### Extracted records
---+---

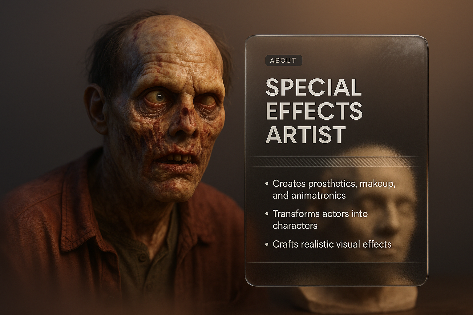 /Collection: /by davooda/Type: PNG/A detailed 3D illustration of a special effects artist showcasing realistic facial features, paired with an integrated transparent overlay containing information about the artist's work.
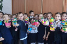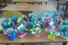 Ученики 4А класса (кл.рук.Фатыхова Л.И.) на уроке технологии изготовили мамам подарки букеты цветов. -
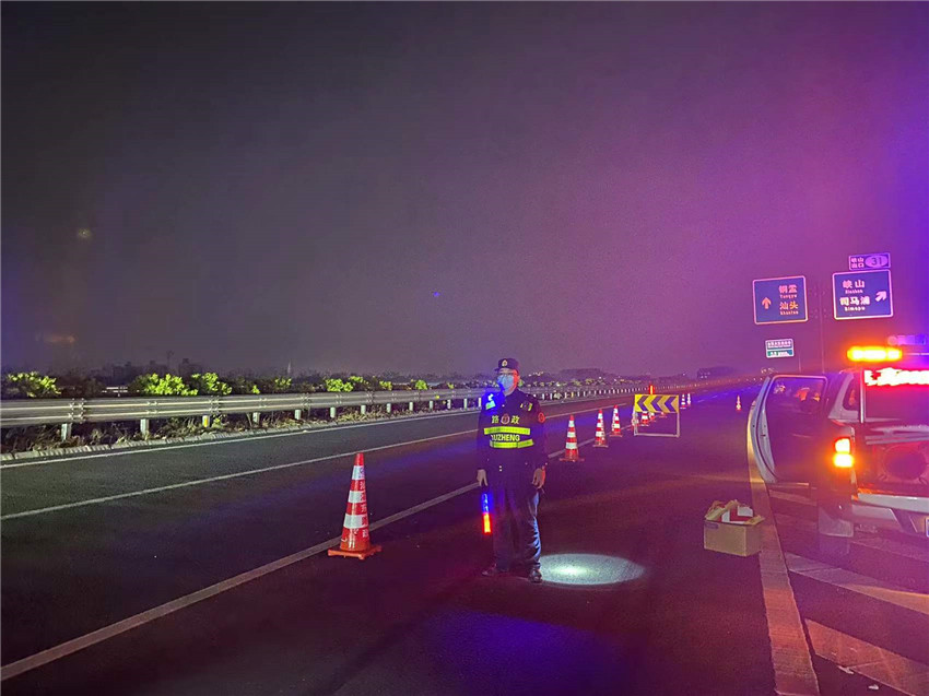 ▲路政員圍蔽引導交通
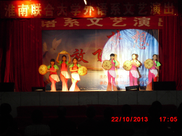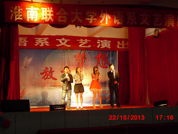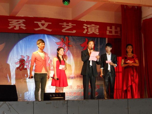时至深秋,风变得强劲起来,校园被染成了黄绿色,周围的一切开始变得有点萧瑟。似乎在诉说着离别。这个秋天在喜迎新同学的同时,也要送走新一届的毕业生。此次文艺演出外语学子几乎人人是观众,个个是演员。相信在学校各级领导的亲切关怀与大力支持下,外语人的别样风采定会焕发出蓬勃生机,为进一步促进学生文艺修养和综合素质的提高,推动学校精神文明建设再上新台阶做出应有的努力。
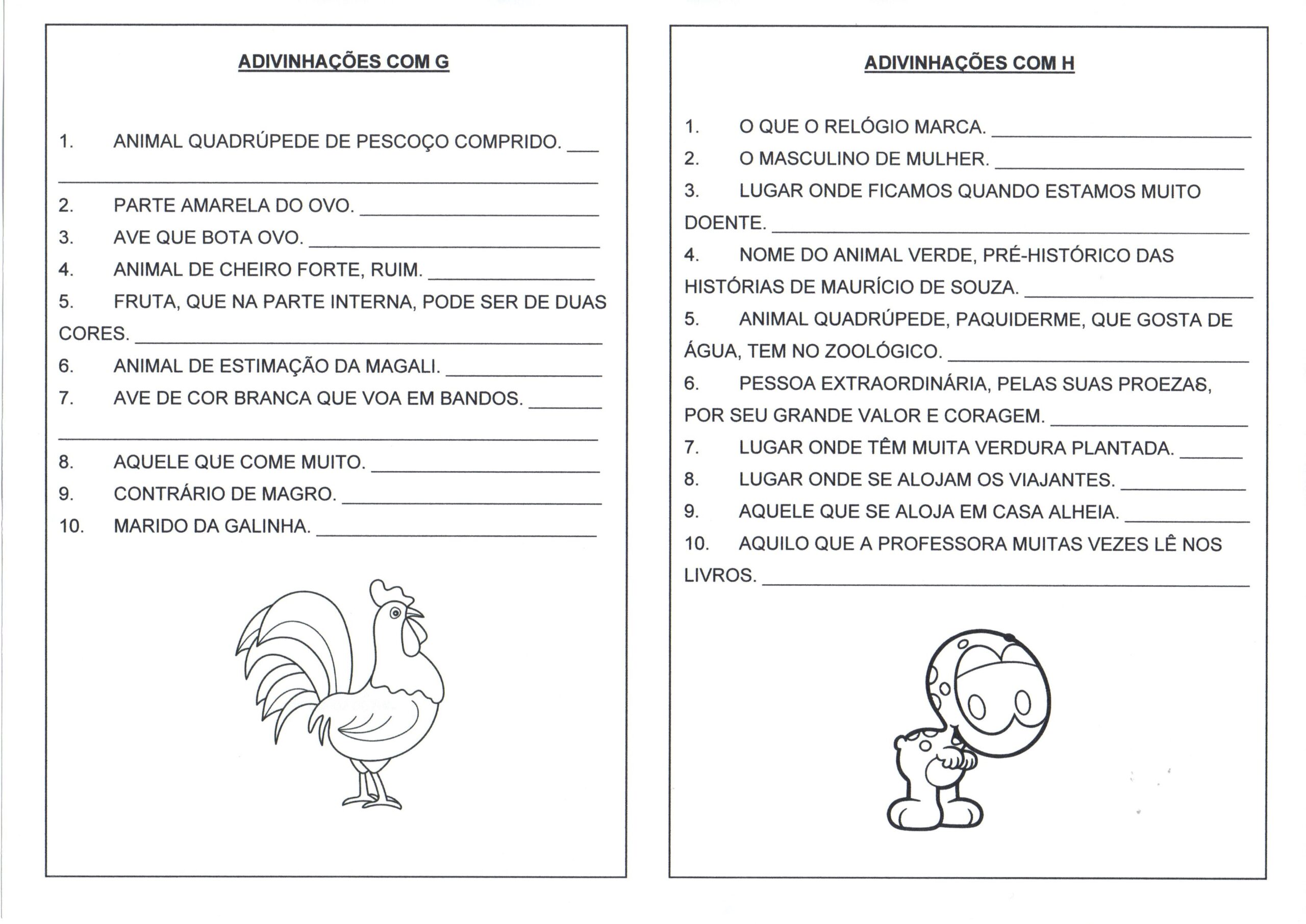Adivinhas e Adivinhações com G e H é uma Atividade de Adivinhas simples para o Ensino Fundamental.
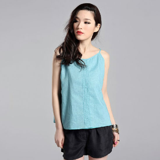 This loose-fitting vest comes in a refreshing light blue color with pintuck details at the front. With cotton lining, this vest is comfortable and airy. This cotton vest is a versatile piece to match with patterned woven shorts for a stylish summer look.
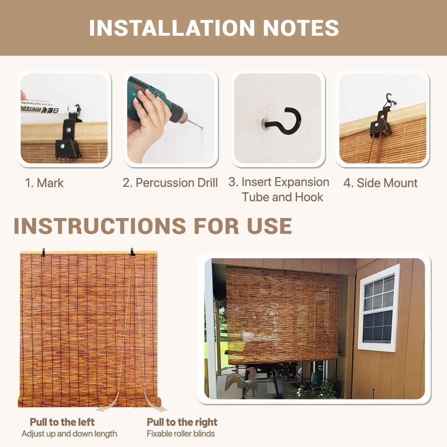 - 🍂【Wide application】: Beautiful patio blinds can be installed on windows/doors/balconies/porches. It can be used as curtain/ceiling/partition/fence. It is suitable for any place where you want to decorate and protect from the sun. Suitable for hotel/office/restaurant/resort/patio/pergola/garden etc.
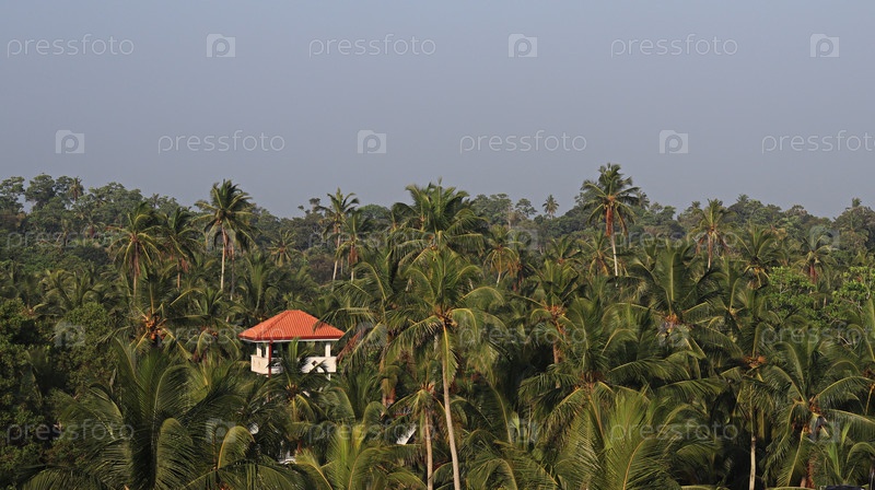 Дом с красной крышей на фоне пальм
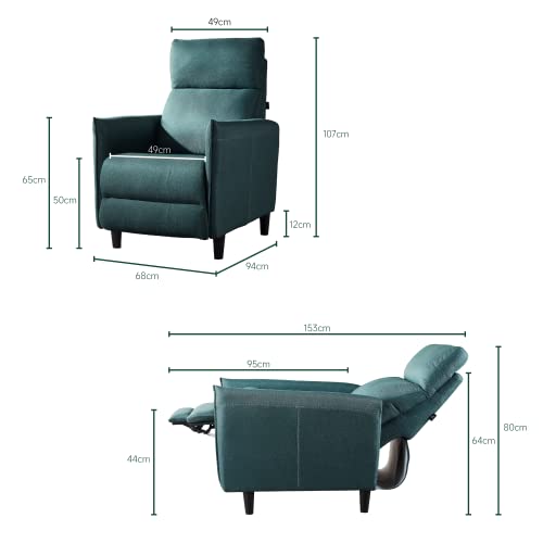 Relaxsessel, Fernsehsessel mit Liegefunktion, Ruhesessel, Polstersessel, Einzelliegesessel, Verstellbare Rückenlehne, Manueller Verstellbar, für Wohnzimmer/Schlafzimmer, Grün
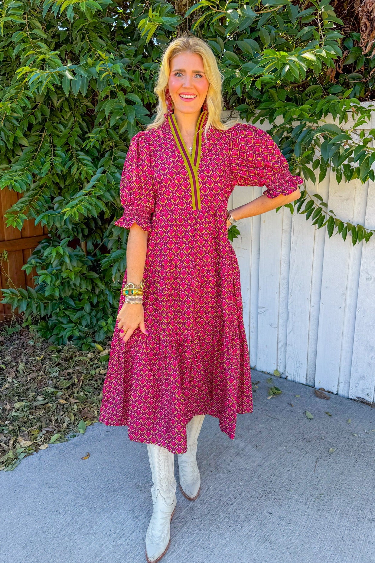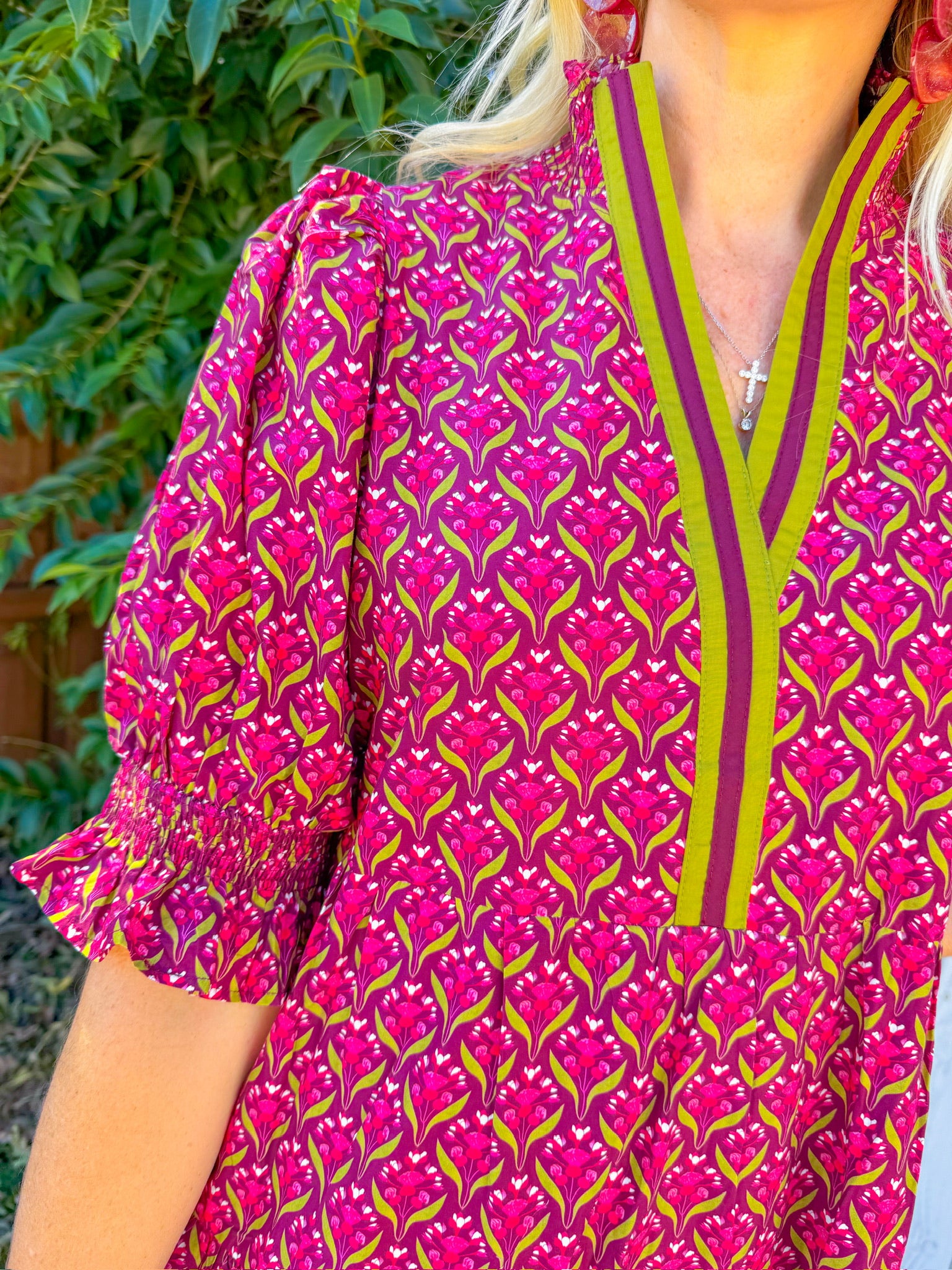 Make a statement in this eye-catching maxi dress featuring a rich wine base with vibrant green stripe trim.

---+---

### Work required
Return exactly the lines that begin with the one containing "Adivinhas e Adivinhações" and end with the final line of the data above; include no pictures.

### Reply to the exercise
Adivinhas e Adivinhações com G e H é uma Atividade de Adivinhas simples para o Ensino Fundamental.
 This loose-fitting vest comes in a refreshing light blue color with pintuck details at the front. With cotton lining, this vest is comfortable and airy. This cotton vest is a versatile piece to match with patterned woven shorts for a stylish summer look.
 - 🍂【Wide application】: Beautiful patio blinds can be installed on windows/doors/balconies/porches. It can be used as curtain/ceiling/partition/fence. It is suitable for any place where you want to decorate and protect from the sun. Suitable for hotel/office/restaurant/resort/patio/pergola/garden etc.
 Дом с красной крышей на фоне пальм
 Relaxsessel, Fernsehsessel mit Liegefunktion, Ruhesessel, Polstersessel, Einzelliegesessel, Verstellbare Rückenlehne, Manueller Verstellbar, für Wohnzimmer/Schlafzimmer, Grün
 Make a statement in this eye-catching maxi dress featuring a rich wine base with vibrant green stripe trim.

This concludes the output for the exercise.